After you’ve received the survey responses, it’s time to turn that feedback into an action plan.
- Categorize responses - Review the responses and look for patterns or trends. Are you seeing a lot of comments on billing? Are they positive or negative? What about communication? Put your feedback into buckets so you can more easily identify your firm’s strengths and weaknesses. Give extra weight to unsolicited feedback. If a client takes the trouble to add a section criticizing or praising some aspect of your firm’s performance, it’s a sure sign that issue has been uppermost in their minds.
- Debrief and assign tasks - Next, convey your findings to the wider team.
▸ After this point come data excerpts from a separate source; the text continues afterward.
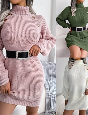 בגדי ריקוד נשים שמלת מיני שמלת סוודר מודרני חופשה חגים ליציאה רגיל אחיד שרוול ארוך גולף לבן ורוד מסמיק ירוק צבא סתיו חורף
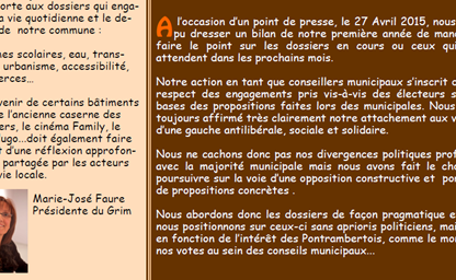 Un an après les élections municipales, le GRIM et vos élus de gauche apportent toujours la plus grande attention à vos dossiers et de nombreux (…)
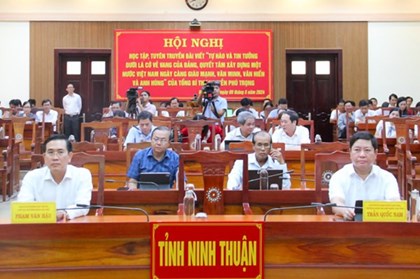 Nghị quyết và đời sốngNinh Thuận: Nâng cao nhận thức của cán bộ, đảng viên và nhân dân về lịch sử vẻ vang của Đảng Cộng sản Việt NamNgày 09/5, Ban Thường vụ Tỉnh ủy Ninh Thuận tổ chức Hội nghị học tập, tuyên truyền bài viết “Tự hào và tin tưởng dưới lá cờ vẻ vang của Đảng, quyết tâm xây dựng một nước Việt Nam ngày càng giàu mạnh, văn minh, văn hiến và anh hùng” của đồng chí Tổng Bí thư Nguyễn Phú Trọng. Hội nghị được kết nối trực tuyến đến 75 điểm cầu các huyện, thành ủy, đảng ủy trực thuộc Tỉnh ủy và cấp ủy cơ sở với 2.336 đảng viên tham gia.
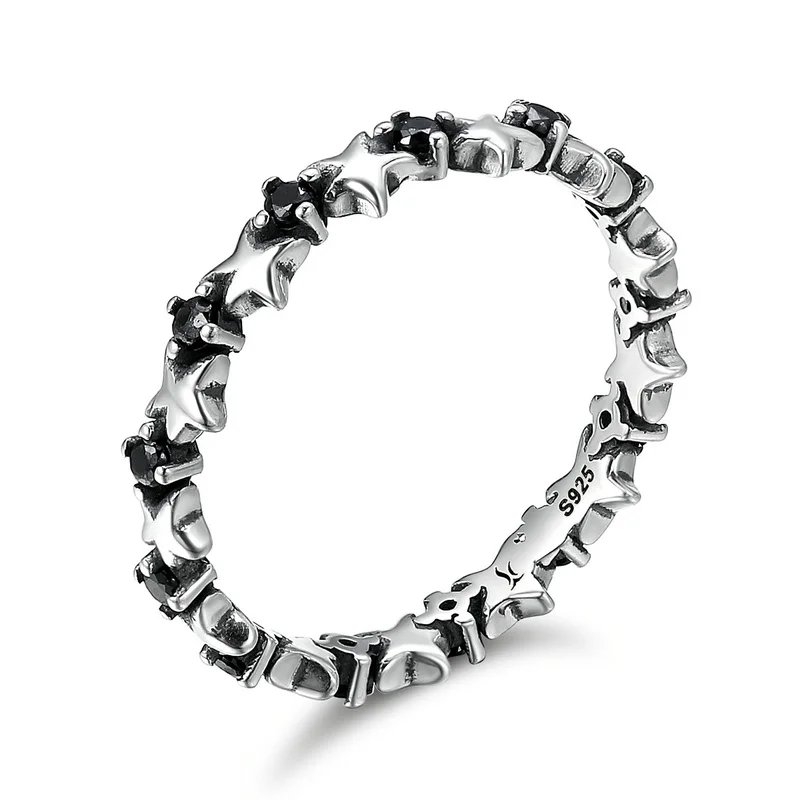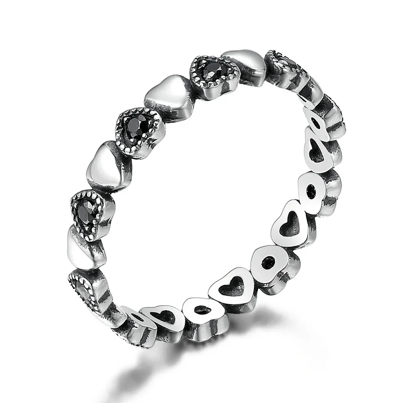 BAMOER auténtico anillo apilable de plata de ley 925 estrella corazón negro CZ anillo de dedo mujeres joyería de plata esterlina
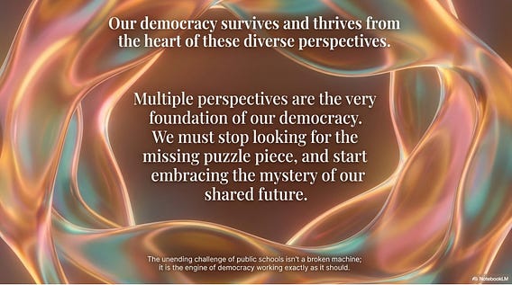 Diverse ideas, opinions, people, and places are the foundation of democracy. Public schools embrace that fact and contribute to the health and success of democracy. Stop looking for public school reform in one single place, or worse yet, in all the wrong places. The unending challenge of public schools isn’t looking for what’s broken. Public schools are the engine of democracy working exactly as it should.

Schedule meetings with key stakeholders at the firm to discuss what you’ve learned and invite them to suggest ways you can put those learnings to good use.
- Utilize positive feedback - Don’t ignore the positive feedback. Instead, turn it into a business development tool if you can. Provided the client agrees, add — or ask them to add — their testimonials to your website or social media and use positive quotes in your marketing campaigns.
Above all, try to keep your eye on the bigger picture. While it can be chastening to read critiques of the firm’s performance, clients who feel empowered to express their concerns are likely to become long-term partners and ambassadors for your firm, especially if they see those concerns acknowledged and addressed.